[Provided data — start]

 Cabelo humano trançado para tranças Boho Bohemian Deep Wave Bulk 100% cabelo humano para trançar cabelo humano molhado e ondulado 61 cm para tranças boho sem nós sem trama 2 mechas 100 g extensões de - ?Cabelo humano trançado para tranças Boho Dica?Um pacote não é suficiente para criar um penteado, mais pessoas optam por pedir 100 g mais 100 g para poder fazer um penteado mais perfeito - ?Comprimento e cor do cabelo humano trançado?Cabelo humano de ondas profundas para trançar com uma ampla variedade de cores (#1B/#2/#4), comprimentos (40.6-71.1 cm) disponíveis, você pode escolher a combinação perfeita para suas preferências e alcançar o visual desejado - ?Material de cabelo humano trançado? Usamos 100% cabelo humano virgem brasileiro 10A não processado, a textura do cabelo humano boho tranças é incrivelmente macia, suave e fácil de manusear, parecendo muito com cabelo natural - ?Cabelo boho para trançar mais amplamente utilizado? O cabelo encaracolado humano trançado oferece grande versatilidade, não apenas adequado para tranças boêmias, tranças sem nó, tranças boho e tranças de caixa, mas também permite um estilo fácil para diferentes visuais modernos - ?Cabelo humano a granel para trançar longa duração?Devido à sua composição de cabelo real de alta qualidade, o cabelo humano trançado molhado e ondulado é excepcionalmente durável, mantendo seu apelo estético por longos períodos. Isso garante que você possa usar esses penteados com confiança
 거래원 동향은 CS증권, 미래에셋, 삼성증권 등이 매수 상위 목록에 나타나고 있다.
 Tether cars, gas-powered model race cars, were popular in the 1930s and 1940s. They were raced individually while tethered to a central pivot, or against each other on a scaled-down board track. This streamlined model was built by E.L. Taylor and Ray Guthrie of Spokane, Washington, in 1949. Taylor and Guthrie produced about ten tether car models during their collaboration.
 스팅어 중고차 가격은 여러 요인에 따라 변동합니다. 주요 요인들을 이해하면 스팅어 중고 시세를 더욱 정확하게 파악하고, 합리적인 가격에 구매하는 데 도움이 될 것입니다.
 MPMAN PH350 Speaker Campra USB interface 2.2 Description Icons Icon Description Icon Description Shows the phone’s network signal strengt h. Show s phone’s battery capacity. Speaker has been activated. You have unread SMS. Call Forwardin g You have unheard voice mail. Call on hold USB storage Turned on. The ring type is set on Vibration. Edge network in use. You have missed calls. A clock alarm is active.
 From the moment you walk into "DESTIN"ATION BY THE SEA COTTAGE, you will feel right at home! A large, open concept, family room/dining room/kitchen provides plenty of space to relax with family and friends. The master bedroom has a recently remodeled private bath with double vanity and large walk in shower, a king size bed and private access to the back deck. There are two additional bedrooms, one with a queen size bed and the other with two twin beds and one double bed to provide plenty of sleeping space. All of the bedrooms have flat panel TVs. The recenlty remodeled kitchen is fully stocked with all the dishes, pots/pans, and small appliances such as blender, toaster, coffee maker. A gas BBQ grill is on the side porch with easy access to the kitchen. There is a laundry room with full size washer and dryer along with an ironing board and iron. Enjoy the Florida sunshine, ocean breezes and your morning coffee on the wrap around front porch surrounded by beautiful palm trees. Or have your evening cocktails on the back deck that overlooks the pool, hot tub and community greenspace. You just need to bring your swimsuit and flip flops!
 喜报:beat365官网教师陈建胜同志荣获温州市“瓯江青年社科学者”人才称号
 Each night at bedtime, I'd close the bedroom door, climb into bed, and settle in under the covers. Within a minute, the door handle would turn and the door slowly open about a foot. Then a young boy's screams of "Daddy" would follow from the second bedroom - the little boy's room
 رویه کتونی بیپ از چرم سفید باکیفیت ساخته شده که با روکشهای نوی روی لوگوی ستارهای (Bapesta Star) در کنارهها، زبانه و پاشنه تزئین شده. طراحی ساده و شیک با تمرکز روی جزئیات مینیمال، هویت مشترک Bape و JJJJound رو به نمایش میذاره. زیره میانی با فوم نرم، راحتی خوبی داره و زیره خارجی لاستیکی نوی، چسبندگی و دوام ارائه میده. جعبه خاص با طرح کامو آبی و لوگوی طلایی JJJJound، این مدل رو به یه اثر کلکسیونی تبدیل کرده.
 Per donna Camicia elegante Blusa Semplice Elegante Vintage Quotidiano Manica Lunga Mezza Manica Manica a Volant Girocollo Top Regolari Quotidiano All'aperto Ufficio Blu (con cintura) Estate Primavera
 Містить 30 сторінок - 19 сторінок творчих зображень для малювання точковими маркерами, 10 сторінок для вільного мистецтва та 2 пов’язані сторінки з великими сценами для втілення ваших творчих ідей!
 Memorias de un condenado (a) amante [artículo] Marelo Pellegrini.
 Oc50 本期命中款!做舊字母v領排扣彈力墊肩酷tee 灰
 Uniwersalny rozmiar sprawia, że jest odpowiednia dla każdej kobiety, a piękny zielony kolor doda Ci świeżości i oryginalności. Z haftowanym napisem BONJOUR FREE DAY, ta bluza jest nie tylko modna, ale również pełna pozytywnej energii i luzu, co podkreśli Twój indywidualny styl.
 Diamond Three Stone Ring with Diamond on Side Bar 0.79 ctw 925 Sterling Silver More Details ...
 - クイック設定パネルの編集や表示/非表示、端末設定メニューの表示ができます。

[Provided data — finish]

• Work task: Scan the data for lines with the word "about". Report only how many there are.

• Written response: 2